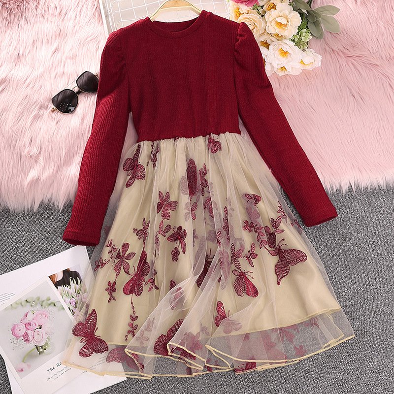 Children Kids Toddlers Long Sleeve Knitted Splicing Mesh Princess Dress
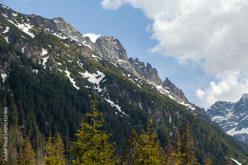 Fototapeta premium Tatra Mountains in Poland showcasing rugged peaks, snow-capped summits, and...
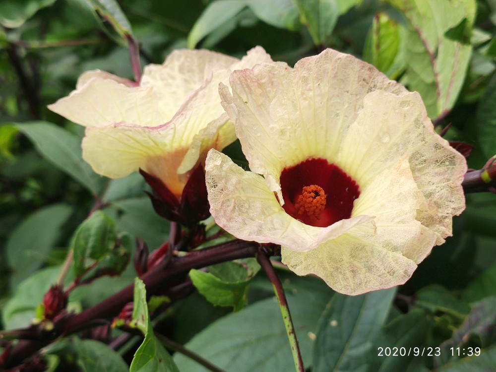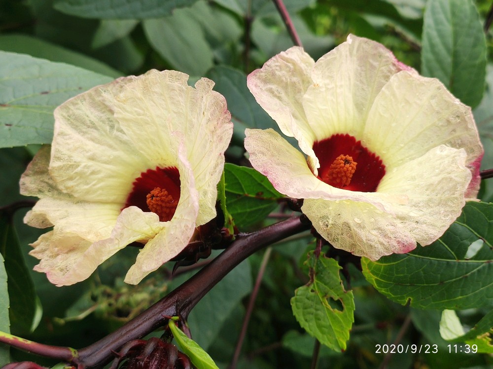 还是在去年的位置,还是有且只有两株玫瑰茄。
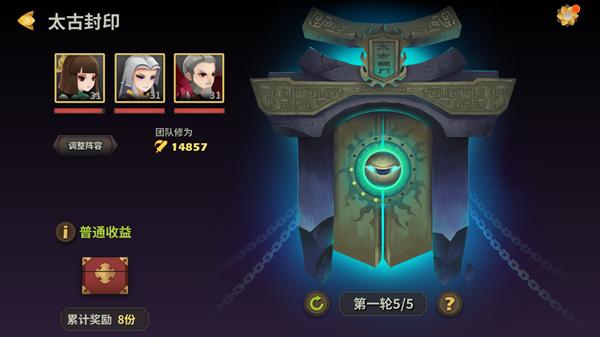 在“太古封印”中,玩家需用一组3人队伍连续闯关,挑战3轮,每轮5个关卡,最强可至15关,每过一轮,敌人会更加凶猛,奖励也会更加丰厚。英雄在关卡中的掉血、以及阵亡损耗均不可复原,可以说打的就是持久战,也因此,要想取得一路高歌的战绩,必须合理安排出战阵容,
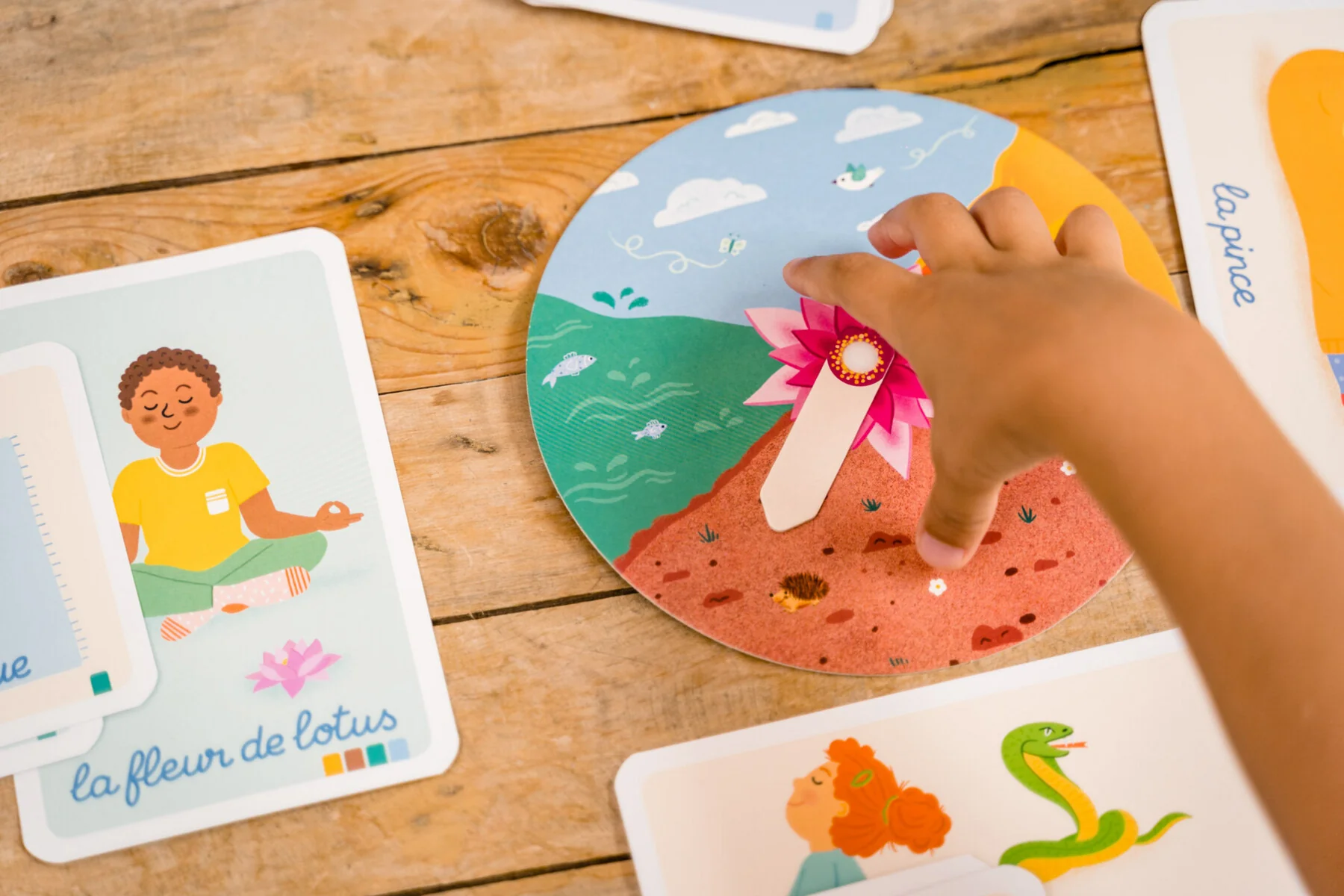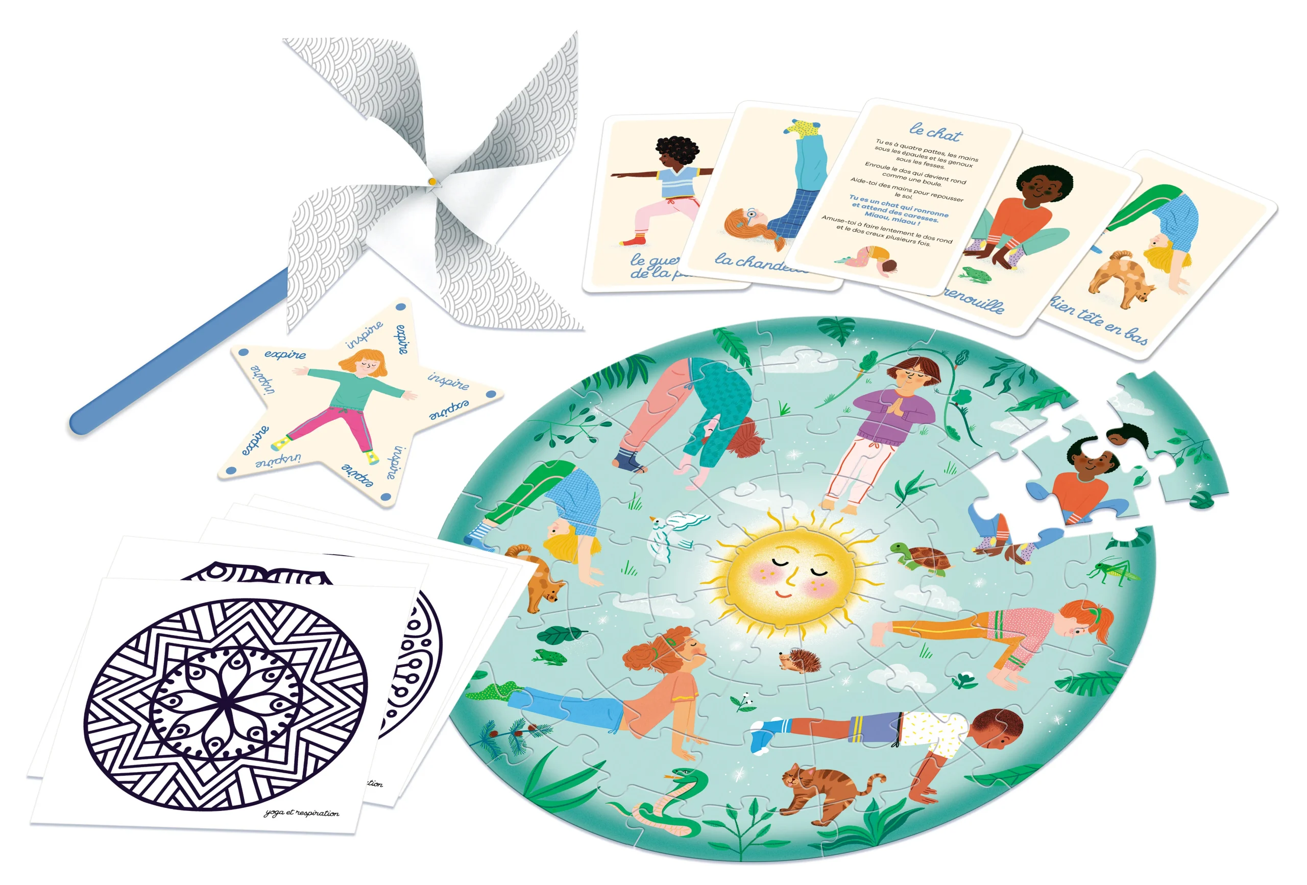 Un matériel original et de nombreuses activités pour découvrir ses premières postures de yoga, apprendre à bien respirer et à se relaxer. Le chat, l’arbre, l’étoile de mer et l’oiseau qui s’envole…
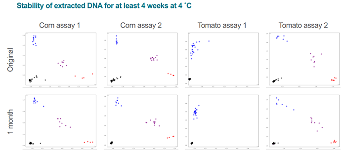 △圖2. 用QuickExtract從玉米和番茄中提取的DNA用KASP基因分型技術進行聚類(Original),然后在4℃下儲存1個月,再將樣品進行聚類(1month) ,實驗結(jié)果完全一致。
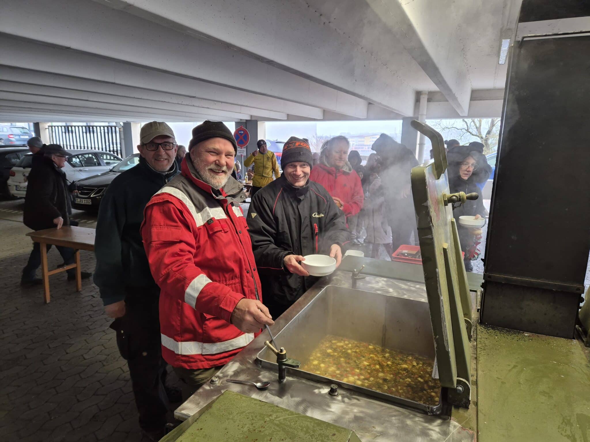 Es gibt Gemüsesuppe mit Würstchen: Clemens Funk (Mitte) von der Feldküche Nothfelden teilt mit Peter Halberstadt (links) und André Lorenz (rechts) das Mittagessen aus.
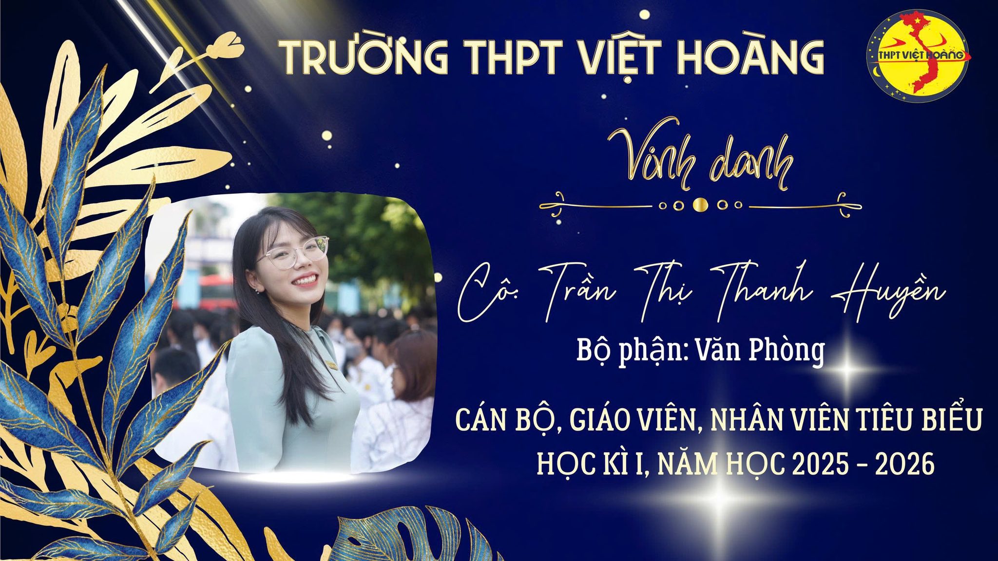 Nhà trường trân trọng biểu dương và vinh danh các thầy cô, cán bộ, nhân viên đã hoàn thành xuất sắc nhiệm vụ, tiêu biểu trong công tác chuyên môn, quản lý, đổi mới phương pháp giảng dạy, ứng dụng công nghệ thông tin và xây dựng môi trường giáo dục kỷ cương – nhân văn – chất lượng.
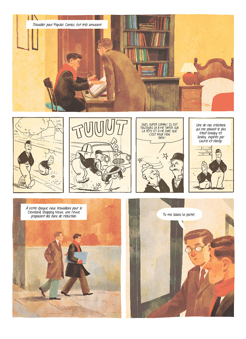 Cet album est un condensé d’émotions car il est si bien écrit que l’on pourrait penser lire une autobiographie. C’est à travers les yeux de Joe Shuster que l’on découvre son monde de la bande dessinée, son bonheur d’avoir découvert sa vocation, ses efforts, ses succès et sa lente descente aux enfers. Plus encore, on s’identifie à Joe Shuster car il est dépeint comme une personne qui a subit tout au long de sa carrière. Il n’a jamais négocié, il n’a jamais vraiment protesté, et cela créé un sentiment d’impuissance de notre part qui permet de s’identifier à lui.
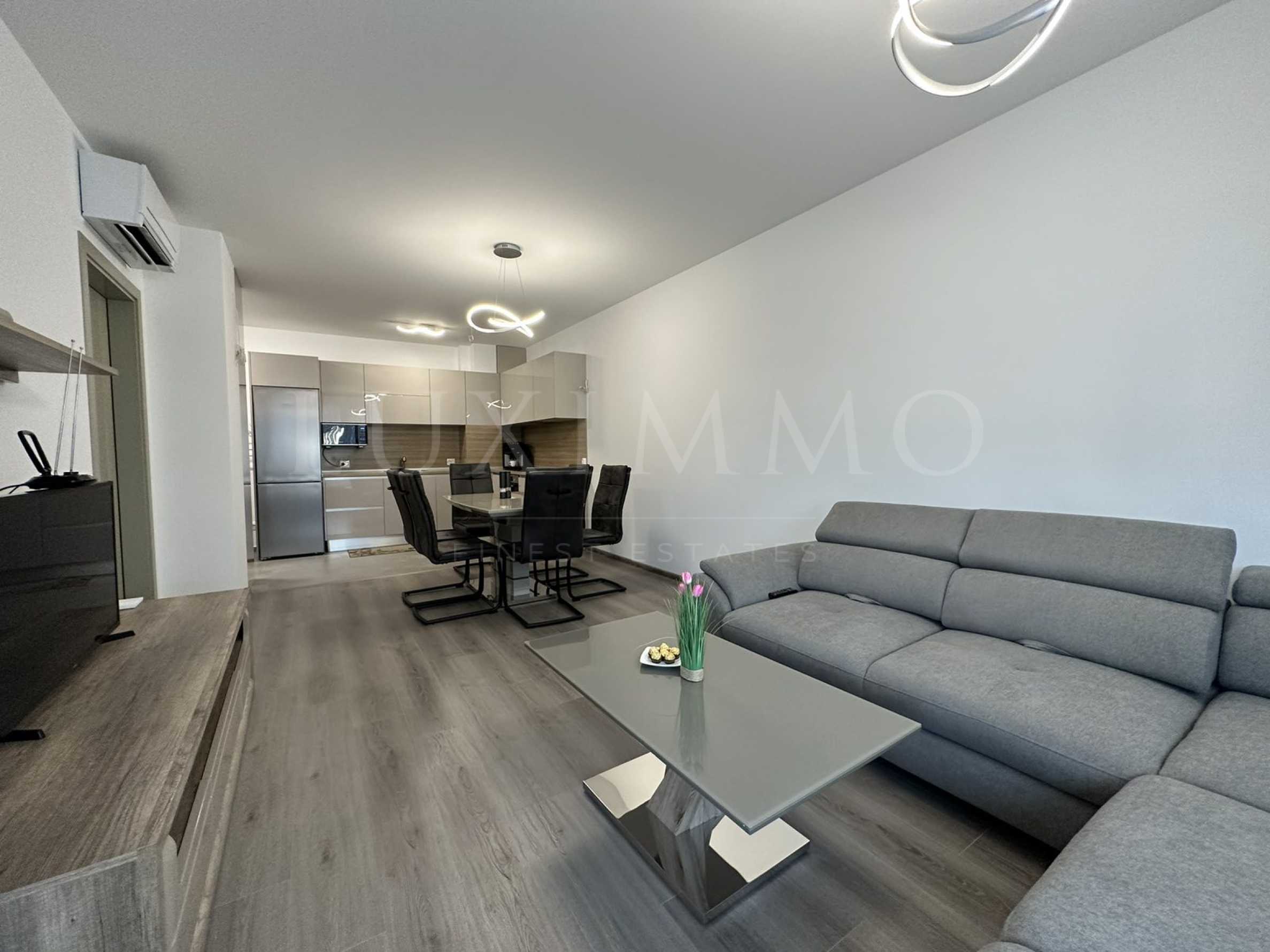Жилището е завършено с качествени довършителни работи, модерни мебели и оборудвана кухня с вградени уреди, пералня Bosch и хладилник Liebherr. Отоплението е на ТЕЦ, има и монтирани климатици Mitsubishi във всяка стая.
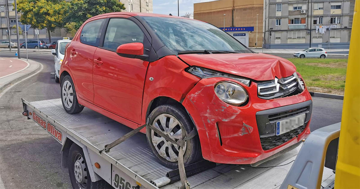 Entre los accidentados, un Citröen de color rojo se ha salido de la vía en la Avenida Reina Sofía, estampándose contra el muro
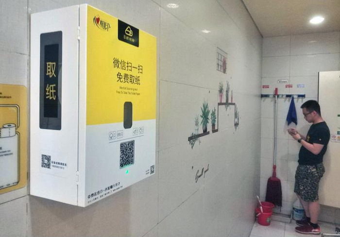 目前,有多家公司在运营扫码取纸的设备。“趣趣用纸”工作人员称为方便老年人用纸,正着手推进免扫码设备上市。而“坐享科技”的工作人员表示,后台数据显示,老龄化人群使用量占总使用量的40%。
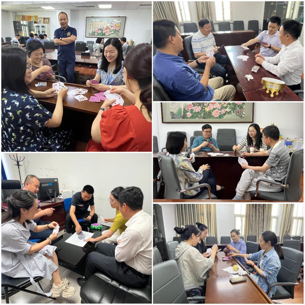 生日會結束以后,學院工會還繼續組織了首屆教職工摜蛋比賽,大家秉持友誼第一,比賽第二的原則,采用升級積分制裁定勝負。教職工們以牌會友、交流感情、比拼智慧,充分施展自己的牌技。扔牌聲、歡笑聲此起彼伏,氣氛熱烈又和諧。

▸ Try it:
Repeat the records above exactly, omitting every picture.

▸ Solution to the exercise:
 Children Kids Toddlers Long Sleeve Knitted Splicing Mesh Princess Dress
 Fototapeta premium Tatra Mountains in Poland showcasing rugged peaks, snow-capped summits, and...
 还是在去年的位置,还是有且只有两株玫瑰茄。
 在“太古封印”中,玩家需用一组3人队伍连续闯关,挑战3轮,每轮5个关卡,最强可至15关,每过一轮,敌人会更加凶猛,奖励也会更加丰厚。英雄在关卡中的掉血、以及阵亡损耗均不可复原,可以说打的就是持久战,也因此,要想取得一路高歌的战绩,必须合理安排出战阵容,
 Un matériel original et de nombreuses activités pour découvrir ses premières postures de yoga, apprendre à bien respirer et à se relaxer. Le chat, l’arbre, l’étoile de mer et l’oiseau qui s’envole…
 △圖2. 用QuickExtract從玉米和番茄中提取的DNA用KASP基因分型技術進行聚類(Original),然后在4℃下儲存1個月,再將樣品進行聚類(1month) ,實驗結(jié)果完全一致。
 Es gibt Gemüsesuppe mit Würstchen: Clemens Funk (Mitte) von der Feldküche Nothfelden teilt mit Peter Halberstadt (links) und André Lorenz (rechts) das Mittagessen aus.
 Nhà trường trân trọng biểu dương và vinh danh các thầy cô, cán bộ, nhân viên đã hoàn thành xuất sắc nhiệm vụ, tiêu biểu trong công tác chuyên môn, quản lý, đổi mới phương pháp giảng dạy, ứng dụng công nghệ thông tin và xây dựng môi trường giáo dục kỷ cương – nhân văn – chất lượng.
 Cet album est un condensé d’émotions car il est si bien écrit que l’on pourrait penser lire une autobiographie. C’est à travers les yeux de Joe Shuster que l’on découvre son monde de la bande dessinée, son bonheur d’avoir découvert sa vocation, ses efforts, ses succès et sa lente descente aux enfers. Plus encore, on s’identifie à Joe Shuster car il est dépeint comme une personne qui a subit tout au long de sa carrière. Il n’a jamais négocié, il n’a jamais vraiment protesté, et cela créé un sentiment d’impuissance de notre part qui permet de s’identifier à lui.
Жилището е завършено с качествени довършителни работи, модерни мебели и оборудвана кухня с вградени уреди, пералня Bosch и хладилник Liebherr. Отоплението е на ТЕЦ, има и монтирани климатици Mitsubishi във всяка стая.
 Entre los accidentados, un Citröen de color rojo se ha salido de la vía en la Avenida Reina Sofía, estampándose contra el muro
 目前,有多家公司在运营扫码取纸的设备。“趣趣用纸”工作人员称为方便老年人用纸,正着手推进免扫码设备上市。而“坐享科技”的工作人员表示,后台数据显示,老龄化人群使用量占总使用量的40%。
 生日會結束以后,學院工會還繼續組織了首屆教職工摜蛋比賽,大家秉持友誼第一,比賽第二的原則,采用升級積分制裁定勝負。教職工們以牌會友、交流感情、比拼智慧,充分施展自己的牌技。扔牌聲、歡笑聲此起彼伏,氣氛熱烈又和諧。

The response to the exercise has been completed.